Might be reserving a doeling from this doe. What do you guys think of her?


----------



## DesertFlowerNigerians (Mar 27, 2014)

That's one good looking doe. 

_________________________________________________

*Desert Flower Ranch Nigerian Dwarf Goats*
http://www.desertflowerranchaz.com

Home to a small herd of 4 does, 2 wethers and 2 bucks.

~Charisa~


----------



## peggy (Aug 11, 2010)

Looks very nice. Her stance is off a bit though. She seems to have nice extension of brisket. Lovely long neck, lots of depth, though would like to see a little more length. A little roached in the back but it could be the stance. I like her udder, nice teats and fore udder extension.
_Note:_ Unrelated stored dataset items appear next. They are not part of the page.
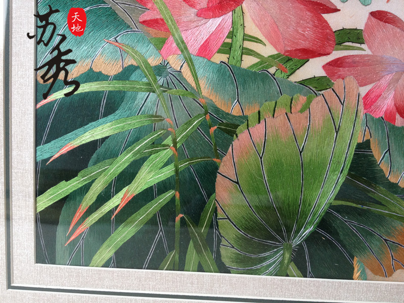 Flower and bird handmade brand embroidery Suzhou embroidery finished product study living room porch home decoration painting lotus flower and bird
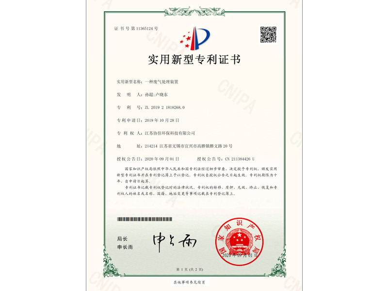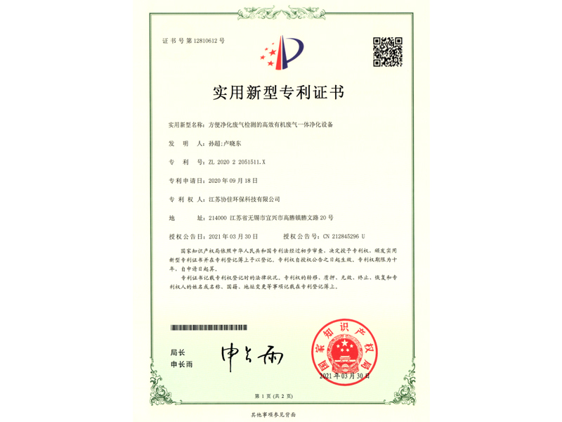 實用新型專利證書-方便凈化廢氣檢測的高效有機廢氣一體凈化設備
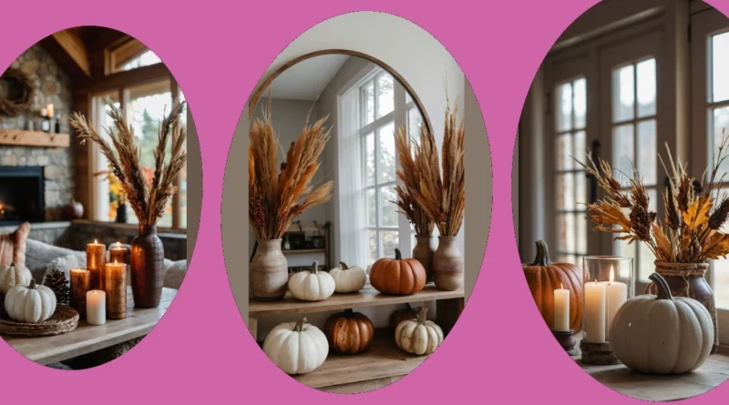 This image shows a super stylish way to decorate your home for fall without going overboard with the orange and brown. The fluffy dried grasses are super trendy, and they look beautiful against the white pumpkins! It’s like a cozy autumn scene straight out of a magazine. The white pumpkins add a touch of elegance, and the dried grasses add a touch of warmth, which is perfect for the fall season. You can definitely make this look yourself; just grab some dried grasses, a few pumpkins, and a big, beautiful mirror and you‚Äôre good to go. You’ll have the most stylish fall decor in your whole neighborhood!
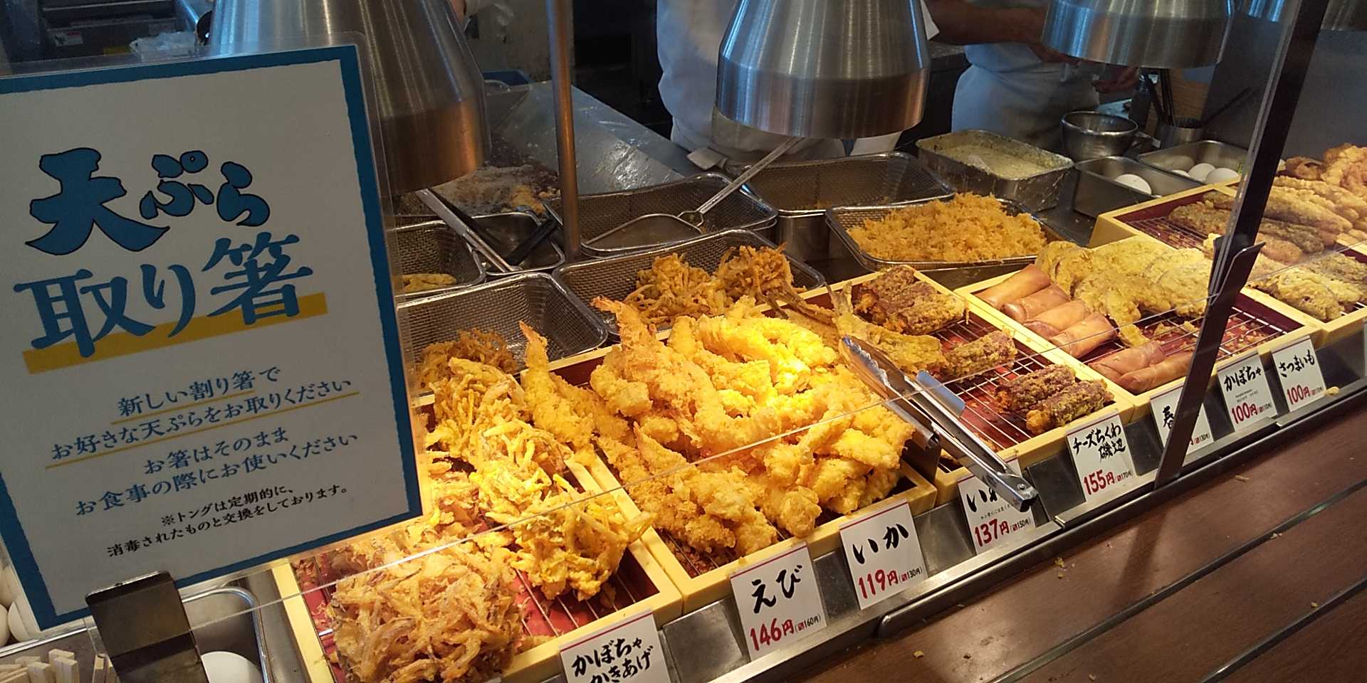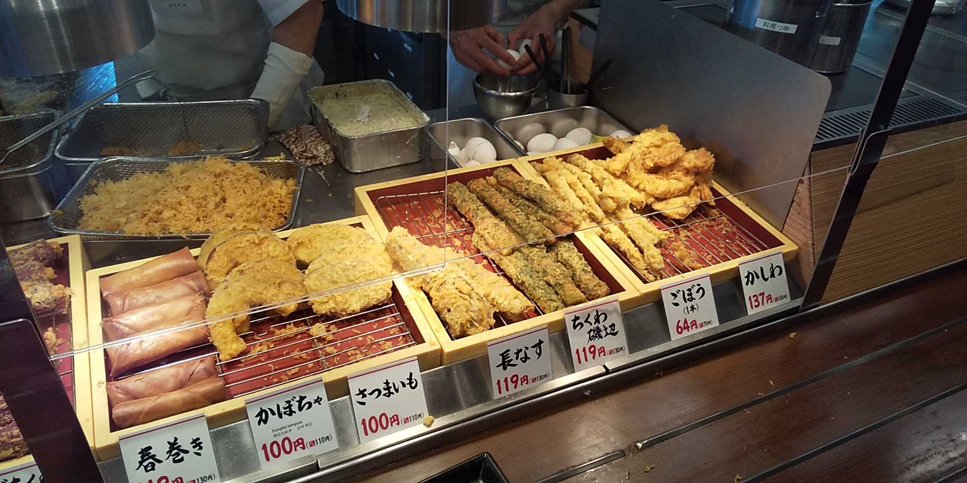 うどんの種類に量に冷温をセレクト、麺を受け取ったら天ぷらなどのトッピング類やらおむすびをお盆乗せましてお会計です
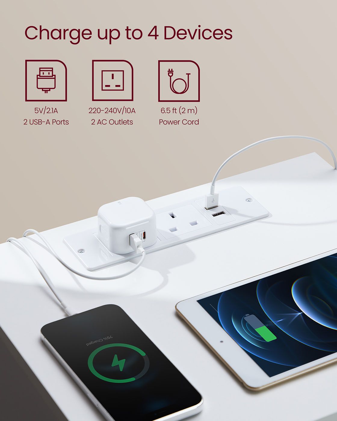 Bedside Table - VERVAS Charging Station with Drawer - White Natural Oak
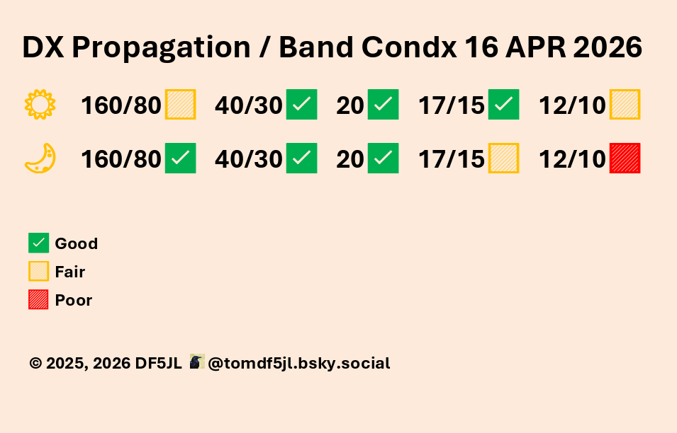 Der solare Fluxindex (SFI) wird wahrscheinlich bis mindestens zum 26. April bei 85 oder höher bleiben, aufgrund von zwei aktiven Regionen auf der Sonnenoberfläche, 2816 und 2817, die insgesamt 16 Sonnenflecken enthalten. Es wird erwartet, dass im Laufe dieser Woche zwei weitere aktive Sonnenregionen auf der sonnenabgewandten Seite der Sonne in Sicht kommen, was den SFI möglicherweise erhöht und die verstärkte Ausbreitung mindestens bis Ende April verlängert.
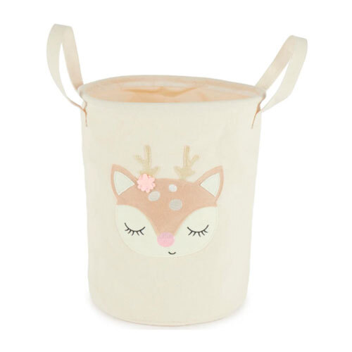Utroligt sød Ella krondyr opbevaringskurv, der giver dig mulighed for let at holde orden i legetøj, tøj og andre småting på børneværelset. Fremstillet i god kvalitet i en blanding af 60% bomuld og 40% polyester, der kommer fra tyske Bieco. Forsynet med vandtæt PE-belægning på indersiden, der sørger for at kurven er fugtresistent, hvilket gør den yderst anvendelig som vasketøjskurv. Udstyret med metalring i toppen for øget stabilitet, samt to bærehåndtag for nem transport. Kan rengøres med mild sæbe og en fugtig klud. Produktet er testet fri for skadelige stoffer.
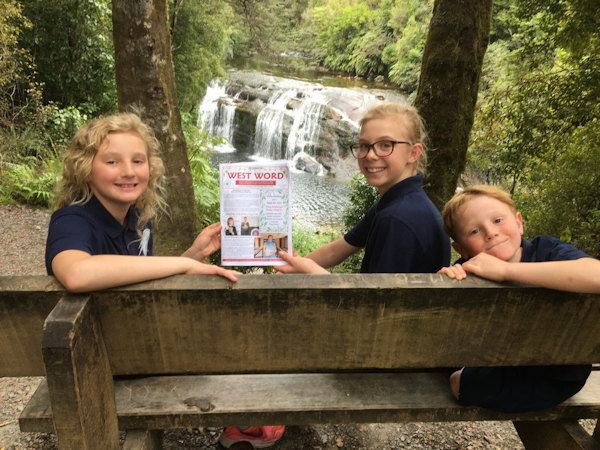 Susie, Isla and Dougal, grandchildren of Hamish and Joan Smith, caught up with all the news from the West whilst visiting Coal Creek Falls in New Zealand.
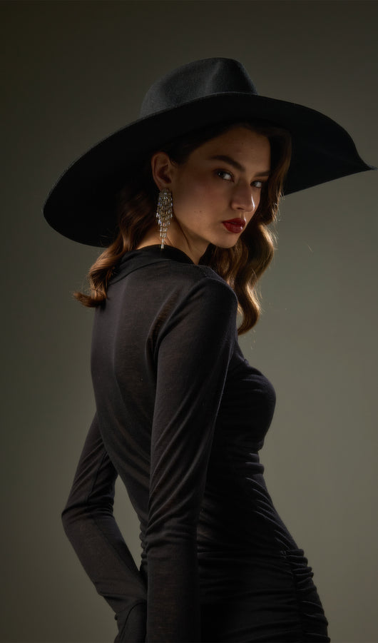Hand wash with mild detergents in cold water only. Do not exceed the recommended water temperature to prevent color fading. To prevent the deformation of the jersey fabric, do not machine wash or tumble dry. The garment requires delicate treatment. It is recommended to wear the garment with care. Avoid friction with bags and other accessories to prevent the fabric from pilling and getting loose stitches. To remove pilling from the garment, use a battery-operated pilling remover
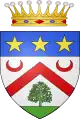 | Blasonnement | D'argent, au chevron de gueules surmonté de deux croissants de même, au buisson terrassé de sinople en pointe, au chef d'azur, chargé de trois étoiles d'or[1] | |
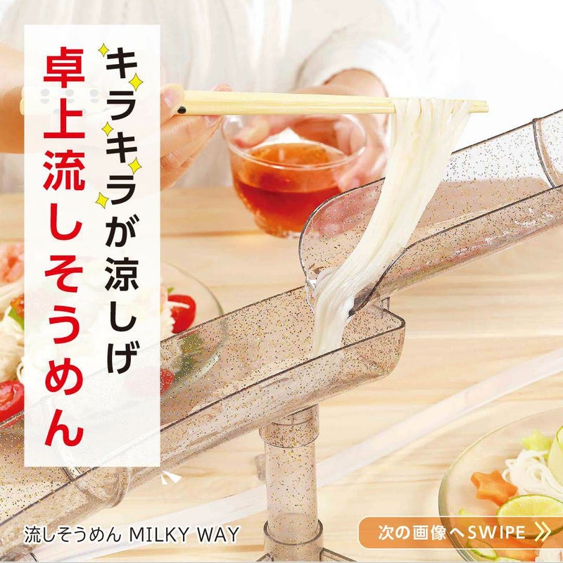 きらきらラメが涼しげでかわいい。上から流れるタイプの卓上流しそうめん器
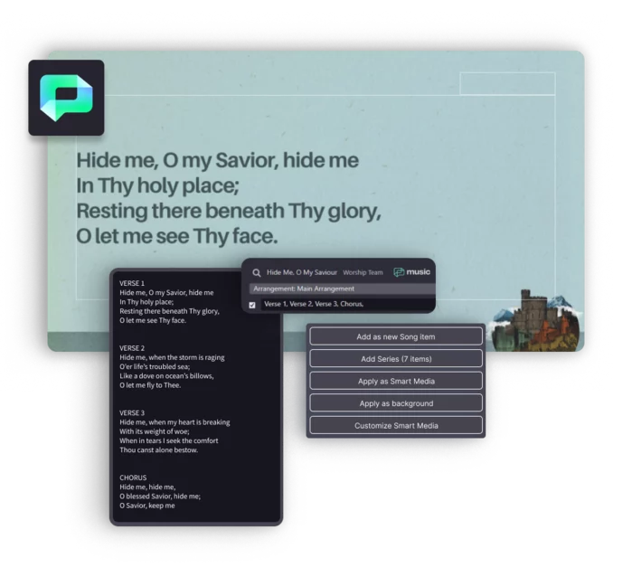 Build your presentation with an ever-growing library of motion backgrounds, still images, graphics, and more—without ever leaving Proclaim.
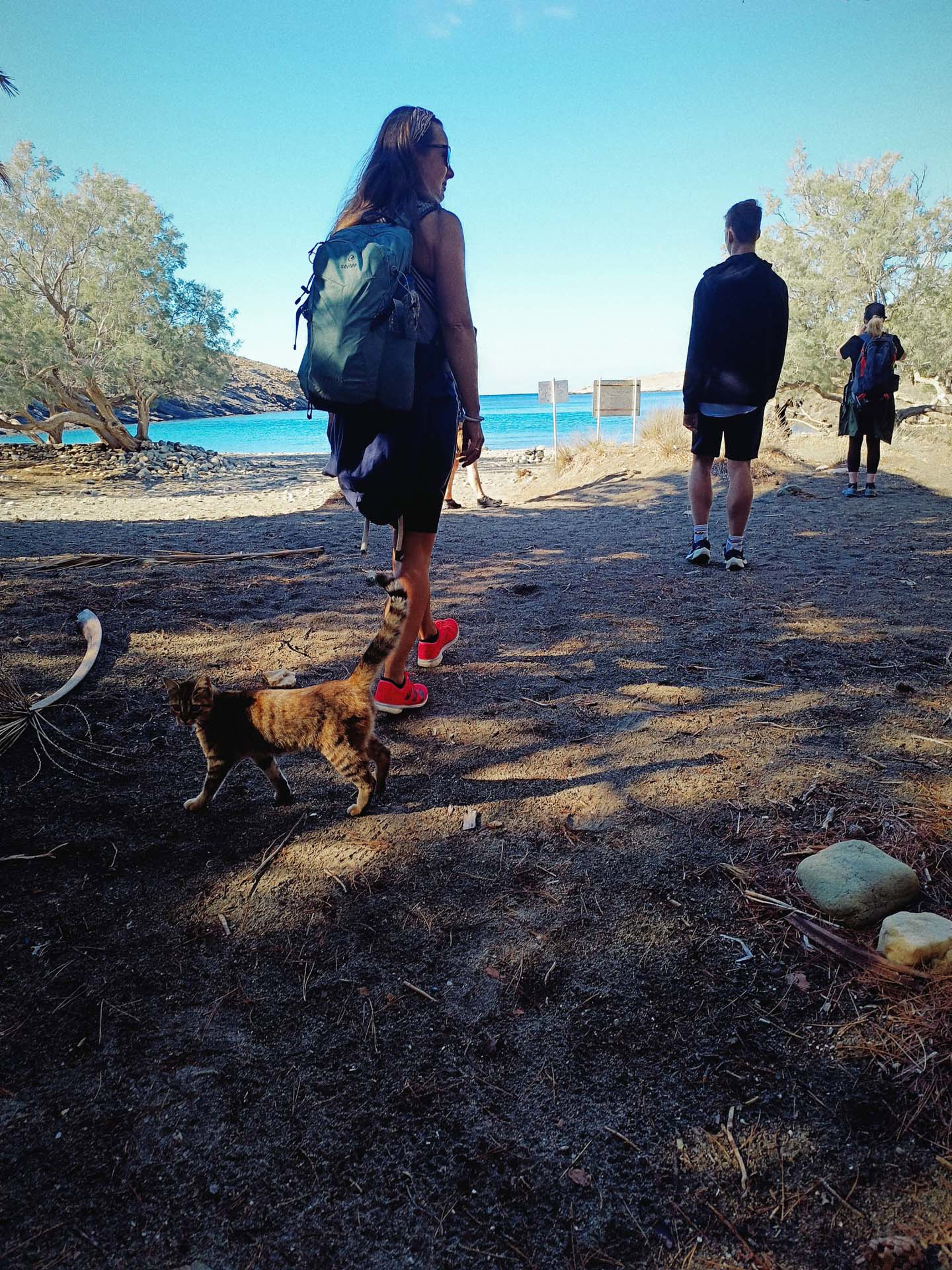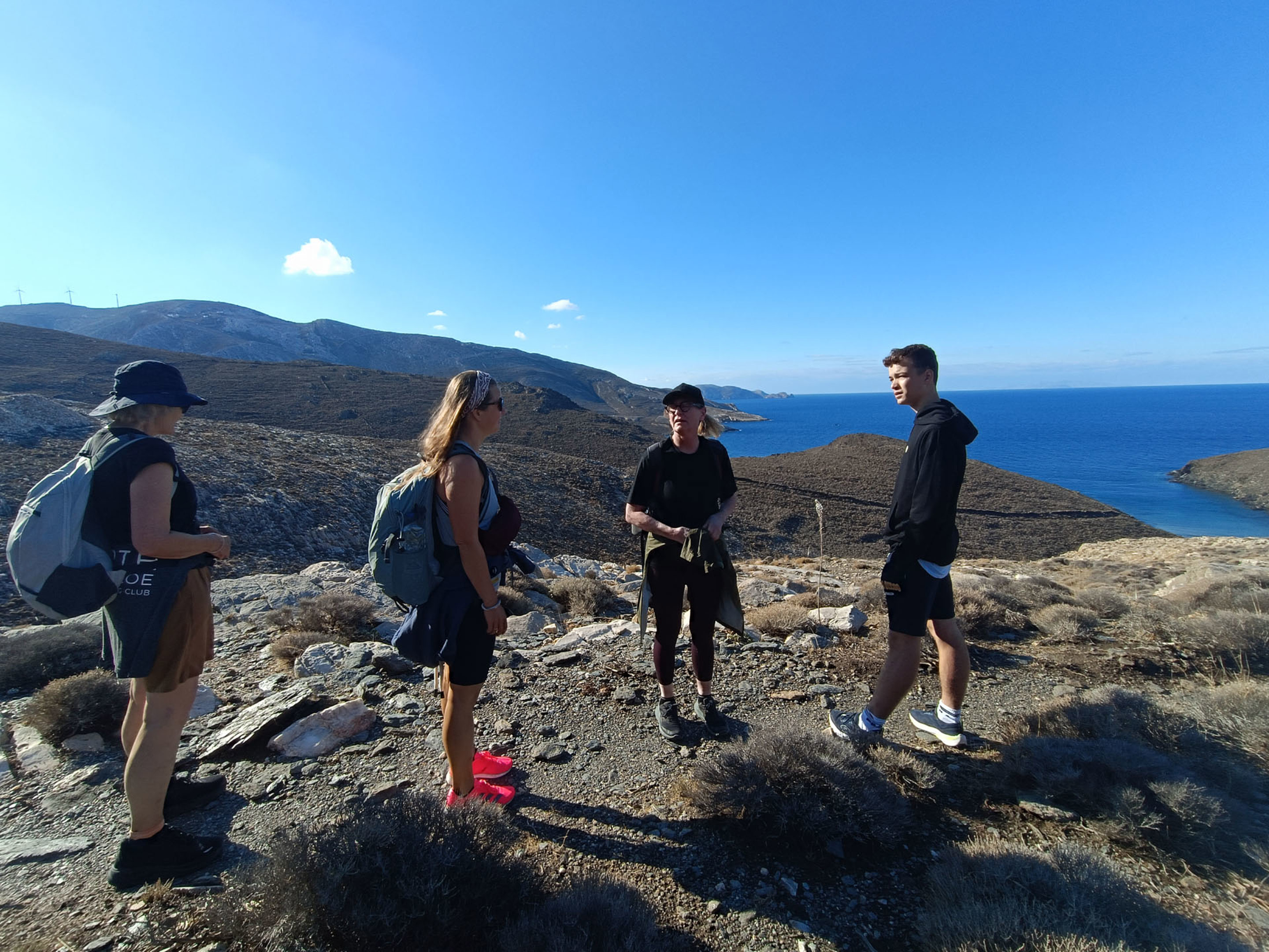 We walk along old, characteristic Cycladic paths—landmarks of a bygone era. We pass by an abandoned marble quarry, with visible signs of historical use.
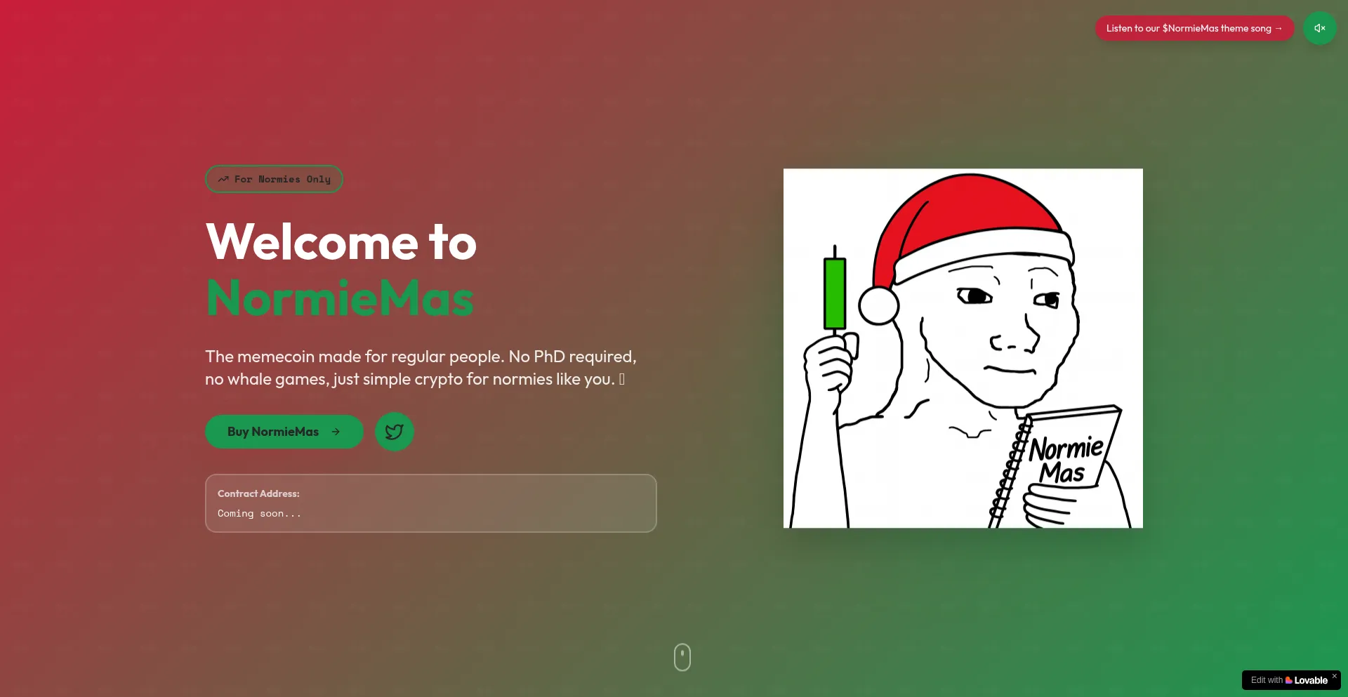 NormieMas is the crypto for normies. No complicated stuff, no whale games, just simple gains for everyday traders. 🎄
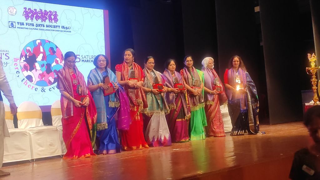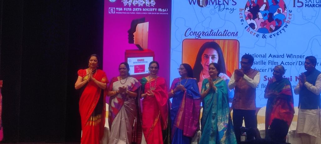 மும்பை செம்பூரில் உள்ள பைன் ஆர்ட்ஸ் சொசைட்டி சார்பாக ஒவ்வொரு ஆண்டும் மகளிர் தினத்தையொட்டி பல்வேறு துறைகளில் சாதனை படைத்தவர்களுக்கு விருது வழங்கப்பட்டு வருகிறது. இந்த ஆண்டுக்கான விருது நேற்று இரவு நடந்தது.

She should have some beautiful kids bred to the right buck.


----------



## ETDairygoats (Feb 16, 2013)

Thanks  I think she is standing a bit weirdly! 
This is her kid (goatling now though) she won best goatling in the Saanen Nationals.


----------



## ETDairygoats (Feb 16, 2013)

Another pic of the doe (on the left)


----------



## Emzi00 (May 3, 2013)

There are some things I don't like, but overall she's a real nice doe.


----------



## ETDairygoats (Feb 16, 2013)

Thanks  She won the National Saanen Breed show in the UK.


----------



## J.O.Y. Farm (Jan 10, 2012)

She's a pretty girl


----------



## ETDairygoats (Feb 16, 2013)

Thanks Skyla 

We bought her doe kid


----------



## ksalvagno (Oct 6, 2009)

Very cute!


----------



## peggy (Aug 11, 2010)

Congratulations!!


----------



## J.O.Y. Farm (Jan 10, 2012)

Congrats!! She sure is a cutie and even has wattles! 

So your back into dairy goats?


----------



## ETDairygoats (Feb 16, 2013)

Thanks!

Yep! Couldn't stand not having them!!


----------